Charisma: Does Measuring It Make It Valid?

Warren Bennis and Burt Nanus assert in “Leaders: The Strategies for Taking Charge,” that “charisma is the result of effective leadership, not the other way around.” A recent report on the measurability of charisma co-authored by Kenneth Levine, Communications Studies Professor at the University of Tennessee at Knoxville, suggests that traits like: empathy, good listening skills, eye contact, enthusiasm, self-confidence and skillful speaking are measurable by social scientists. After surveying students to assess the means of defining and characterizing charisma, these learnable traits were viewed as the hallmark of charisma. Following this line of thinking to its logical conclusion suggests that any individual demonstrating these traits would be described as charismatic. In this sense, charisma would be the affectation of certain physical traits, not a specific personality trait or worldview. In this context, charismatic traits are not inborn, but learned. Going even farther, one could assert that the world would have more charismatic leaders if only more individuals possessed these physical traits. This notion is contrary to the work established by Charisma Researcher Edward Brown of Core Edge Image & Charisma Institute.

Brown asserts that traits like eye contact, effective listening skills, enthusiasm, passion and other traits are the manifestations of charisma, not charisma in its pristine form. If everyone learned the skills for becoming more charismatic, there would not be a larger number of charismatic leaders, but a larger number of people demonstrating charismatic traits. Brown is careful to not “split hairs,” when demarcating the differences. The likes of Adolph Hitler, Alexander Hamilton and Martin L. King, Jr. represent perspectives of grand ideas that transcend the physical mannerisms of charismatic personalities.
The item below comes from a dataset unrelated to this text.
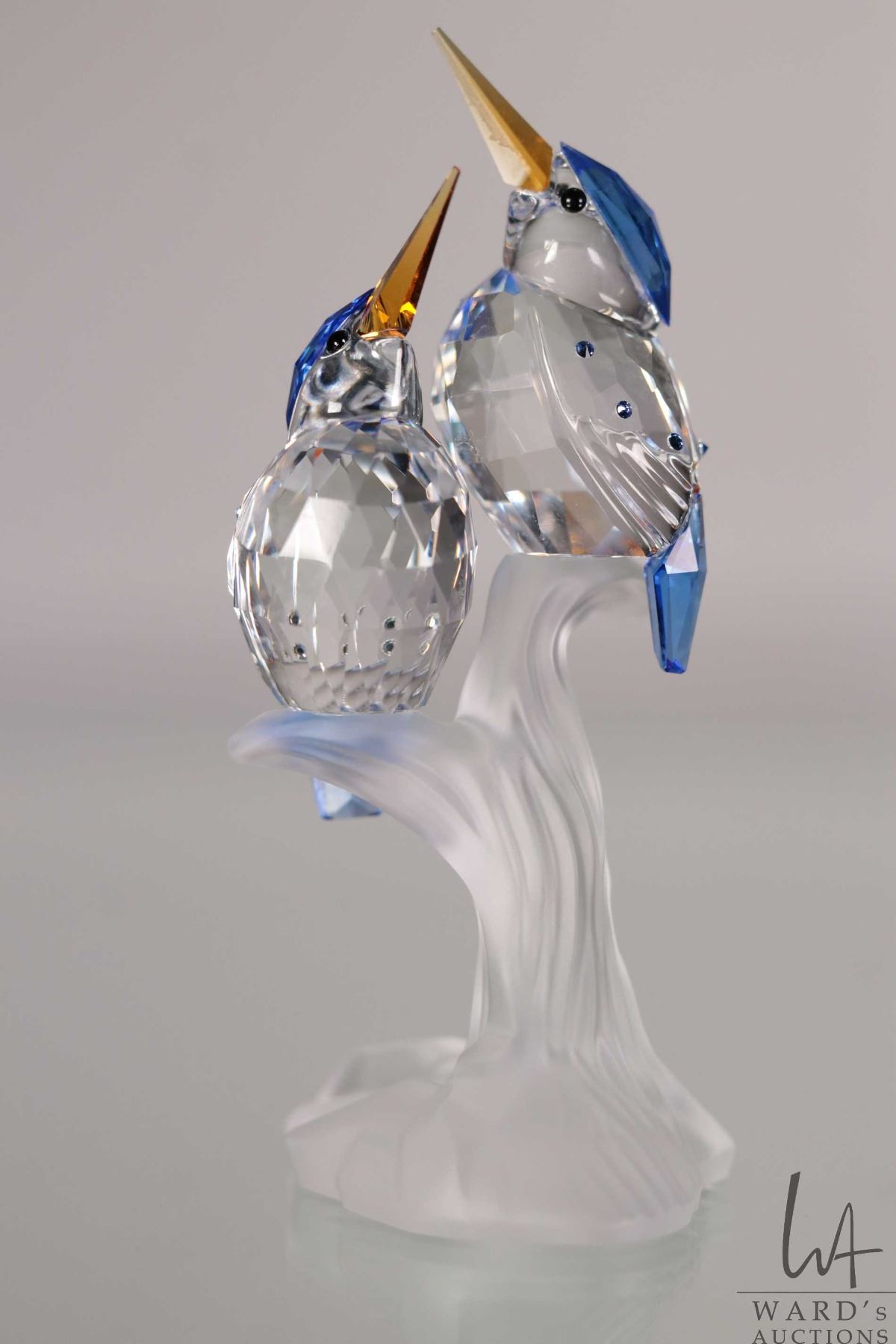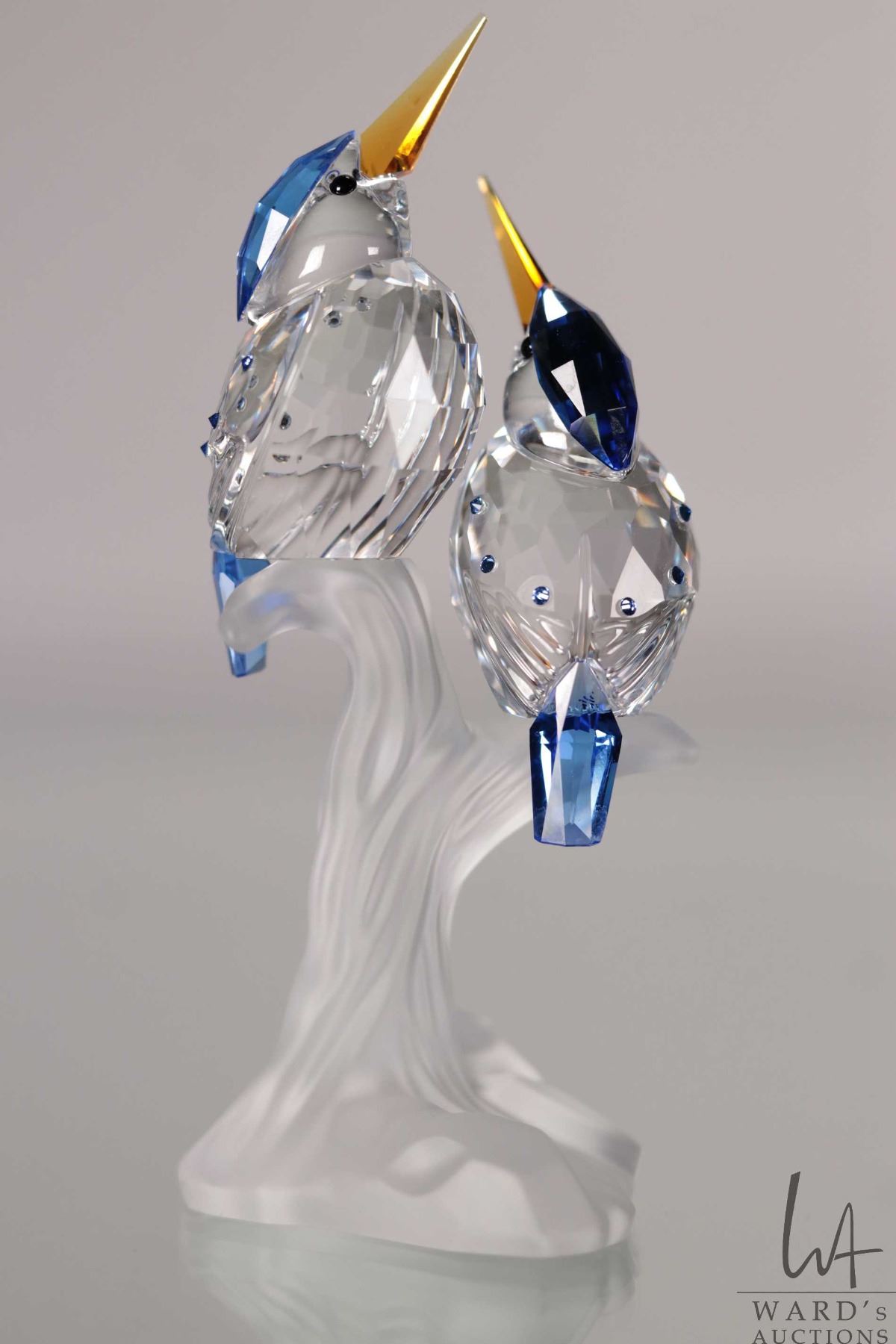 Swarovski crystal Malachite Kingfishers, no. 623323, 3 3/4" in height. From the Feathered Friends Co

Charismatic traits are the means by which charismatic leaders express ideas. The reason there would not be more charismatic leaders in the world if more people learned these behaviors (greater eye contact, empathy, effective listening, etc…) is because these individuals would not necessarily be motivated by compelling ideas. This is the critical distinction between charismatic personalities and individuals exhibiting charismatic traits. In addition, when charisma is measured based on these physical attributes, the results could be a “false positive.” Yes, one may score high on charismatic mannerisms, but low on the ability to create transformational ideas. The distinction can be characterized as one merely going through the motions versus one who thinks, feels, analyzes, synthesizes and embodies a crusade or mission. To relegate charismatic leaders to mere “actors” would suggest that behind the mask is a chameleon who seeks merely to inspire good feelings within others rather than transform a specific human condition. This is largely why charismatic leaders have been more effective during times of crisis and instability. Charismatic leaders believe they are best suited for the situation at hand, which encompasses ego, narcissism, insecurity and visions of grandeur which are inextricable traits within charismatic personalities. Individuals who score high on charismatic scales would view such traits as oppositional to their self-image as well as antithetical to their ideals on charisma.

Measuring charisma and its manifestation is valuable for developing more effective interpersonal skills within organizations. The ability to coordinate and create alliances will always be indispensable to the viability of organizations. However, there must be a distinction between what it means to be congenial versus what it means to be transformational within organizations. To confuse the two would merely create more questions than answers.